I set up a Bluesky Personal Data Server (PDS) on the first day the code was published. I wasn’t particularly excited about the data sovereignty aspect of it, I just wanted to see how the new “federated” Bluesky worked (and I had the time to throw it up quickly). As long as your TLS and DNS are quickly tuned, the setup of this particular server is really straightforward. You can set up a new account on the server by using administrative credentials to create an invite code, then using that invite code in the mobile app to create a new user.

┌───Nov 15 14:29:18────┐
cronocide@zen:~/Desktop$▶ curl -Lv -XPOST "https://mydomain.com/xrpc/com.atproto.server.createInviteCode" \
--basic -u "admin" -H "Content-Type: application/json" -d '{"useCount": 1}'
└─Nov 15 14:29:36 •519─┘
Enter host password for user 'admin': ****************
{"code":"mydomain-com-ymy4c-lvgu5"}

However, this new account will only store data for your account, not implicitely set your handle. Your account’s default suffix is the domain of the PDS you set up the account on.
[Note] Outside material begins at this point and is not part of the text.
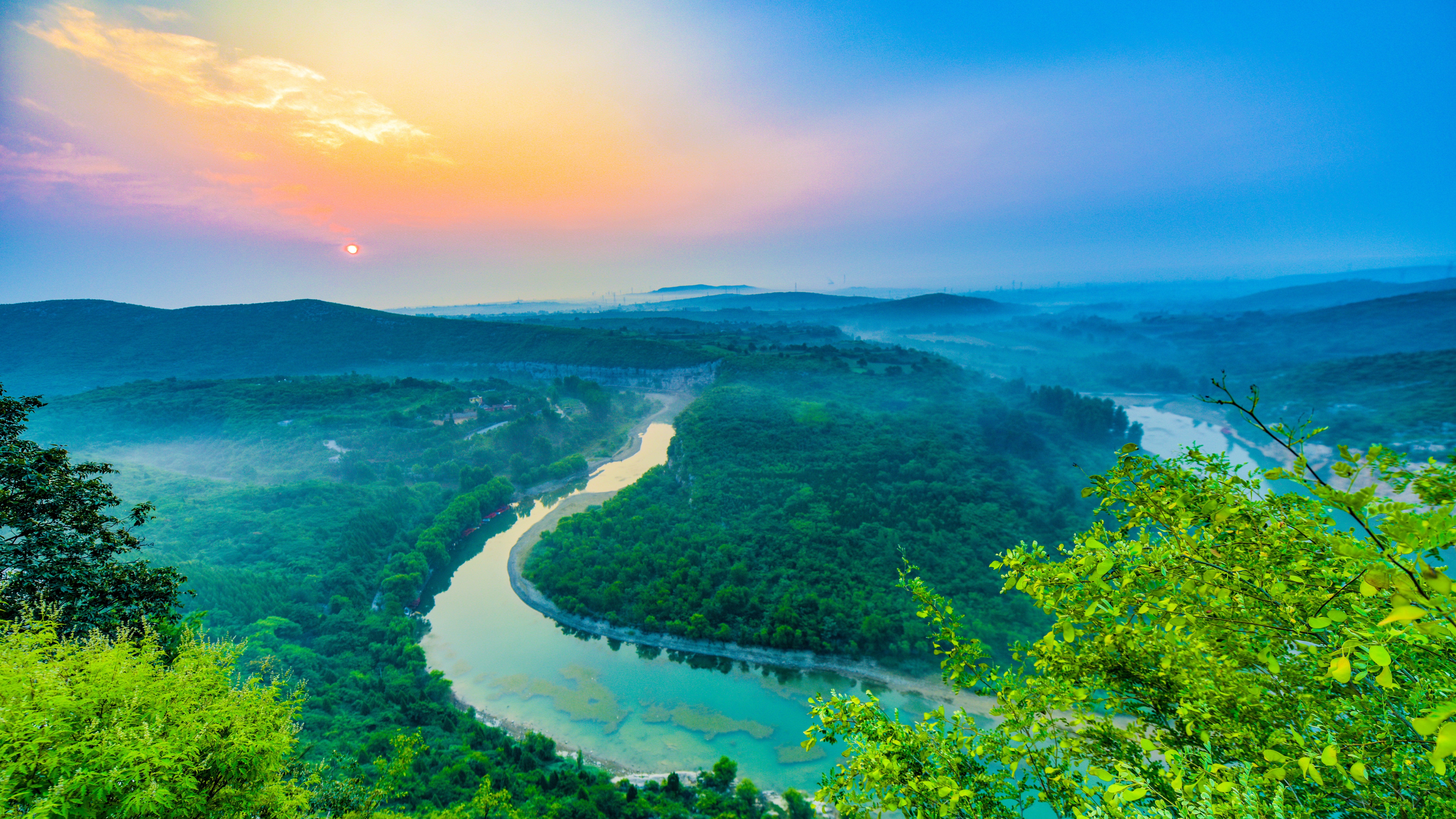 晨光初醒,太极图景区宛如天地初开的画卷,淇水如碧色丝带蜿蜒谷间,两岸山峦起伏、峰峦叠翠,每一寸土地都焕发着蓬勃的生机。(淇滨区纪委监委 丁小翠 摄)

So if you set up the account on mydomain.com, your data is stored on the mydomain.com PDS server, but your handle will be username.mydomain.com.
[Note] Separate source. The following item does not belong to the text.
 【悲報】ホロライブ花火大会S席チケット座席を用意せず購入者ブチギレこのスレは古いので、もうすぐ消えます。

To set up example.com as your handle, you need to do several additional steps:

  • Get the DID record from the account that was registered with your PDS server, username.mydomain.com. You can do this with a call to /xrpc/com.atproto.sync.listRepos?limit=100
  • Create DNS or .well-known records for the At Protocol to use to verify your domain ownership
  • Force the PDS to change your name to the shortened root domain name mydomain.com, either through the mobile app or through the PDS CLI.
  • Restart everything just in case

Owning your name

One of the cool things about Bluesky is that it equates (or at least tries to equate) domain ownership with handle reservations. I like this a lot, as Twitter handle ownership was seen as something of an internet authority back in it’s hayday. My initial server was readily available at bluesky.cronocide.com, but I soon learned that meant my handle would be cronocide.bluesky.cronocide.com. That’s not very sexy, so I aimed to get it down to just cronoci.de.
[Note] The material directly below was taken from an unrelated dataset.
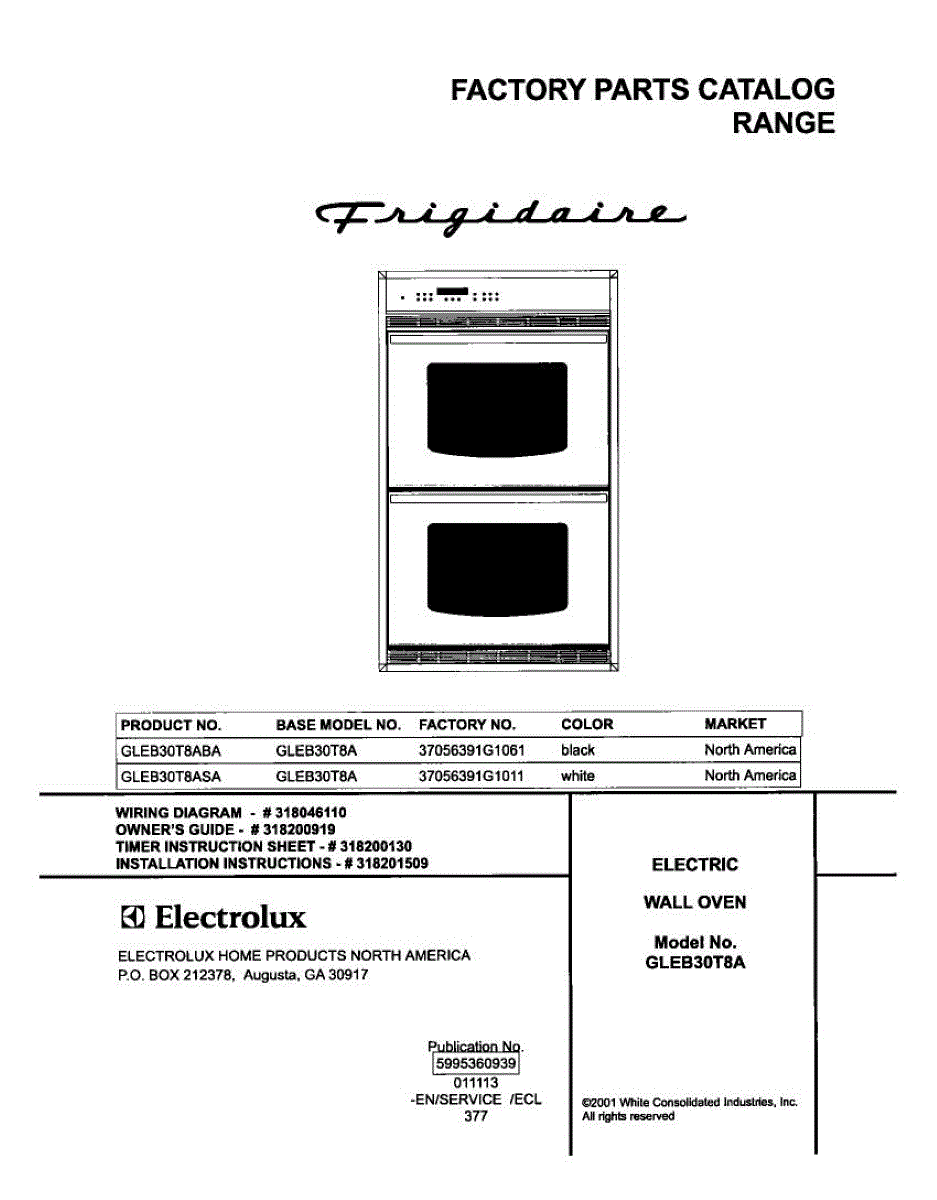 Parts for Frigidaire GLEB30T8ASA: 01 - Cover Parts

Routing a Bluesky PDS server (in 2024) currently requires two routes to work:

  • /xrpc - This route is the root path for all PDS operations (except root domain handle changes)
  • /.well-known/atproto-did - This is needed if you want to shorten username.mydomain.com to mydomain.com

Knowing this makes the reverse proxy setup much easier. The second item there is static data: it’s a text/plain payload that includes the DID of the user account that assigned to your user when you created the account. The /xrpc routes are translated straight across to your PDS server to make the domain work. Validating your root name is supposed to use a DNS TXT record as well as the .well-known bit to verify your ownership of a domain in order to make it work. I couldn’t get either method to work in the mobile app for some reason; it kept giving me the error Unable to resolve handle. Following this post I got a CLI token from the PDS server and manually changed my name, which scarily seemed to work without saying anything:

┌────Nov 15 16:11:28────┐
cronocide@zen:~/Desktop$▶ curl -Lv -XPOST "https://mydomain.com/xrpc/com.atproto.identity.updateHandle" -H "Authorization: Bearer <token>" -H "Content-Type: application/json" -d '{"handle": "mydomain.com"}'
└──Nov 15 16:12:11 •534─┘
┌───Nov 15 16:12:13─────┐
cronocide@zen:~/Desktop$▶  ???

It’s hard to tell if the mobile and web app slowness I’m seeing are due to some misconfiguration I’ve done on my end, or if it’s just strain from the current influx of users on the network. I’m not sure how many of these users are material, since I made three or four in the process of figuring out the PDS setup alone, but then again I don’t imagine most users are going out of their way to set up a Personal Data Server for their accounts out of the gates. Either way, my PDS seems to be up and working for now. Let’s wait and see if I have to wipe my data because I chose the wrong storage class for the PDS.

Anyway, we’re off to the skies with this new social network!